2. CSS API Parity Tests

Files: elements/pfv6-{component}/test/pfv6-{component}.css-api.ts
Example: elements/pfv6-avatar/test/pfv6-avatar.css-api.ts
Purpose: Validate CSS custom property API works identically in React and Lit
Command: npm run e2e (runs all tests)

What It Tests

  1. CSS variable overrides: Setting --pf-v6-c-card--BackgroundColor changes background in both React and Lit
  2. Computed style parity: Same CSS variable values produce identical computed styles
  3. Interactive states: Hover, focus, active states produce identical styles

Success Criteria

  • All computed styles must match between React and Lit
  • CSS variable mutations must produce identical visual results

When to Run

  • After changing CSS architecture or variable implementation
  • After adding new public CSS variables
  • Before marking component as "complete"

3. React Consistency Test (Deprecated - Not Needed)

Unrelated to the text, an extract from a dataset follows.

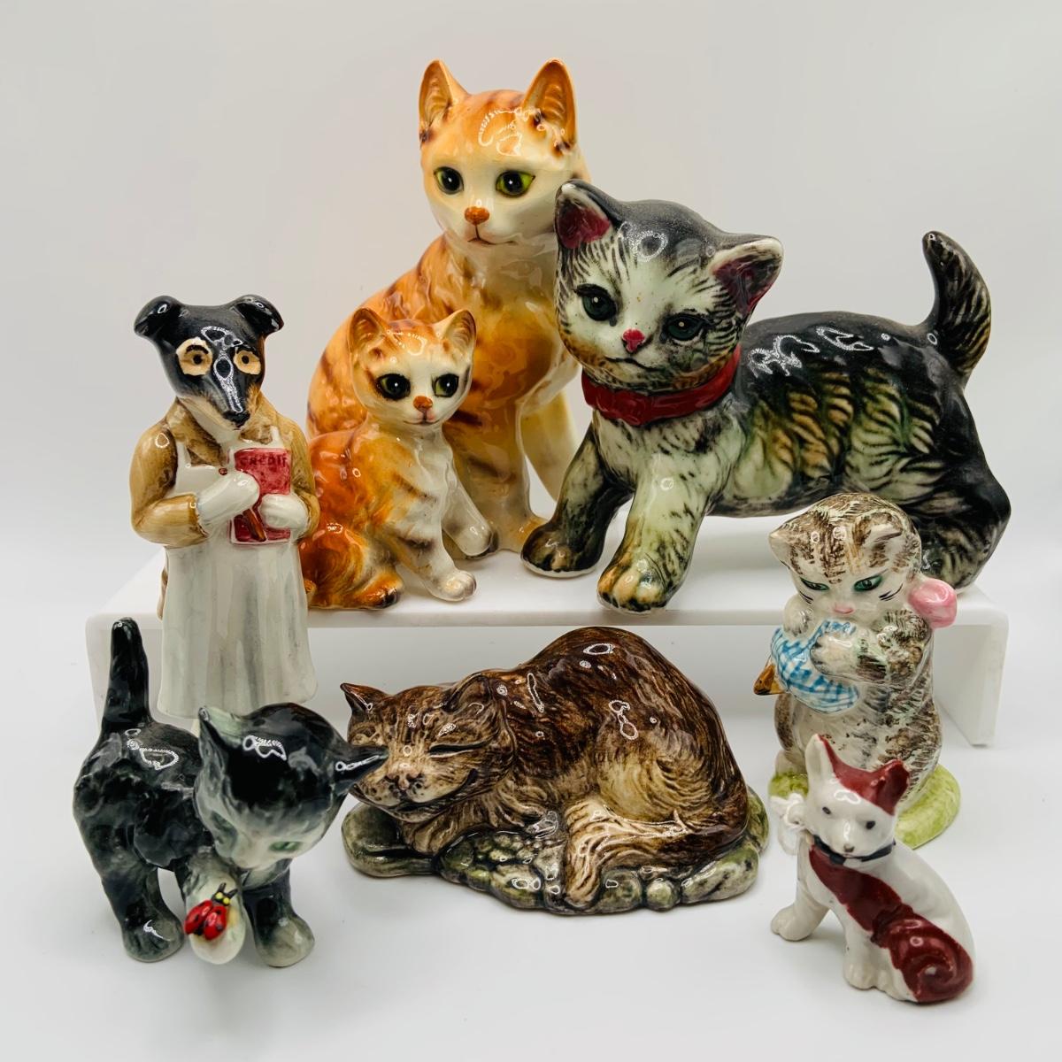 LOT 13: Assortment of Cats and Dog Porcelain Figurines by Beswick, and More

Status: ⚠️ No longer necessary with direct comparison approach

With the standardized visual testing pattern, we compare live React vs live Lit in every test run. React baseline tests are no longer needed because:

  • ✅ Both frameworks render fresh on every test
  • ✅ Any React demo changes are immediately detected
  • ✅ No stale baseline files to maintain
  • ✅ Simpler, more reliable testing workflow

Note: If you see *-visual-react-baseline.spec.ts files in the codebase, they can be deleted. All components should use only the parity test pattern.


🚀 Workflow

Initial Setup (First Time)

Note: E2E tests require the dev server running on port 8000. Ensure no other process is using this port before starting tests.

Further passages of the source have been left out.